Cuellar wins a key nod to regain a top House Appropriations post
Published in Political News
WASHINGTON — Democrats on the House Appropriations Committee voted Thursday to recommend reinstalling Rep. Henry Cuellar as the ranking member of the panel’s Homeland Security subcommittee, after President Donald Trump pardoned the congressman for alleged bribery schemes.
Trump’s “full and unconditional” pardon of the Texas Democrat and his wife, Imelda, announced last week, put Democrats in the awkward position of having to decide whether to reinstate Cuellar to his former plum Appropriations post without any trial being held on the bribery charges. Cuellar and his wife have denied the charges and maintain their innocence.
“We followed the rules of the caucus,” said Connecticut Rep. Rosa DeLauro, the committee’s top Democrat, adding it is not the job of appropriators to set those rules.
But those rules appear to allow Democrats to decide as they wish. Caucus rules state that if “the charges are dismissed,” the previously indicted member automatically returns to the vacated position if he or she stepped down and could be reinstated within the same Congress. Cuellar, however, stepped down in the last Congress, shortly after he was indicted in May of 2024.
That time lag meant a vote to reinstate him was required under the rules, DeLauro said.
While the vote among appropriators marked a crucial initial step, the move needs to be approved by the Democratic Steering Committee and the full caucus to become official. Committee members did not disclose the vote tally.
Appropriators mostly kept mum about the process leaving the meeting early Thursday afternoon. Rep. Lauren Underwood, D-Ill., who served as acting ranking member on the subcommittee, didn’t take questions after the meeting.
DeLauro sent notices to Democratic appropriators last week of plans for a vote on whether to restore Cuellar as ranking member of the Homeland Security subcommittee.

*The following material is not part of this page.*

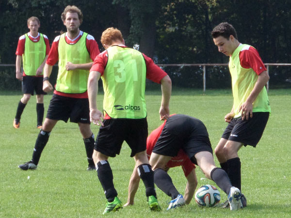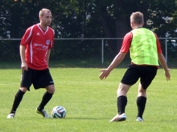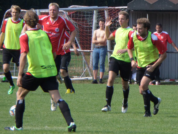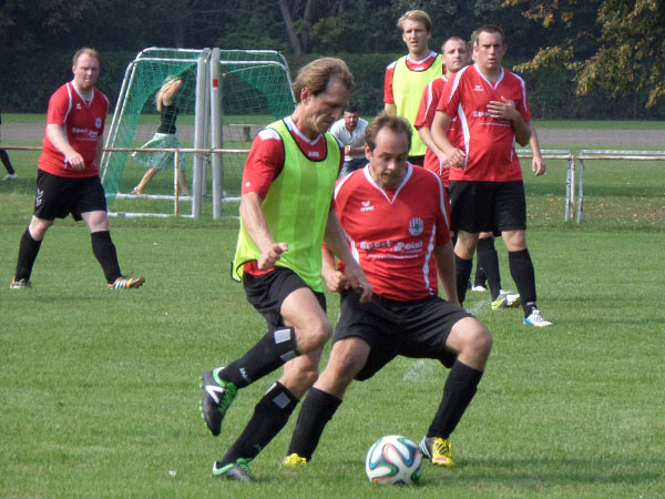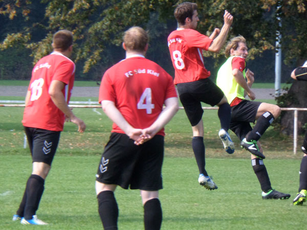 Der KMTV hatte am 6. Spieltag den achtplatzierten FC Süd Kiel 2 zu Gast. In der Anfangsphase drückten die Gäste gefährlich auf das Tor des KMTV, so dass Torwart Daniel M. mit starken Paraden agieren musste, um den KMTV im Spiel zu halten. Nach 15-20 Minuten kam das Team von Daniel Kolibius dann aber besser ins Spiel. Einige Chancen kamen zustande, konnten aber nicht verwertet werden. In der 32. Minute verletzte sich Abwehrspieler Maik S. dann nach einer Abwehraktion mit dem Kopf, so dass er ausgewechselt werden musste. Sein Gegenspieler traf ihn unabsichtlich bei dem Luftkampf im Gesicht. Für Maik kam ein nicht weniger erfahrener Haudegen des KMTV ins Spiel – Nico v. B. Aus dem fälligen Freistoß konnte der KMTV das 1:0 erzielen. Der Freistoß segelte in Richtung Tilmar H., der den Ball elegant runternehmen konnte, in der Drehung zwei Gegenspieler abschüttelte und das runde Leder im Winkel unterbrachte. Eine wahnsinnige Kraftleistung! In der 40. Minute brachte der KMTV dann Christopher H. für Jan K. auf der rechten Außenbahn ins Spiel. Nach dem ersten Tor passierte allerdings nicht mehr viel, so dass es mit dem 1:0 in die Halbzeit ging.

Cuellar and his wife were charged with accepting roughly $600,000 in bribes from the government of Azerbaijan and a foreign bank based in Mexico City.

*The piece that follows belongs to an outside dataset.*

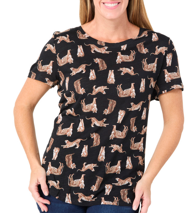 Bring bold elegance to everyday wear with the Womens Short Sleeve Scoop Neck Luxey Print Top featuring an allover print of wild tigers in dynamic poses. Designed with a soft hand feel, short sleeves, and a flattering scoop neckline. Fabrication is 60% cotton 40% modal. Length measures approximately 28 in.

The Texas Democrat said there were no concerns about his return to the position that were aired at the meeting on Thursday. “We got ratified,” he said.
In announcing the pardon last week, Trump wrote on social media: “Henry, I don’t know you, but you can sleep well tonight — Your nightmare is finally over!”
Less than a week later, Trump criticized the congressman for not switching parties at a time House Republicans are seeing a rising tally of members announcing retirements this year.
The decision comes at a critical time for appropriators as Congress stares down a tight time crunch to wrap up nine long-delayed fiscal 2026 appropriations bills by a Jan. 30 deadline. And some negotiators are already speculating about the prospect of another yearlong stopgap funding extension for the Department of Homeland Security.
While House Republicans have released their full-year funding proposal for Homeland Security, the Senate has yet to unveil its version.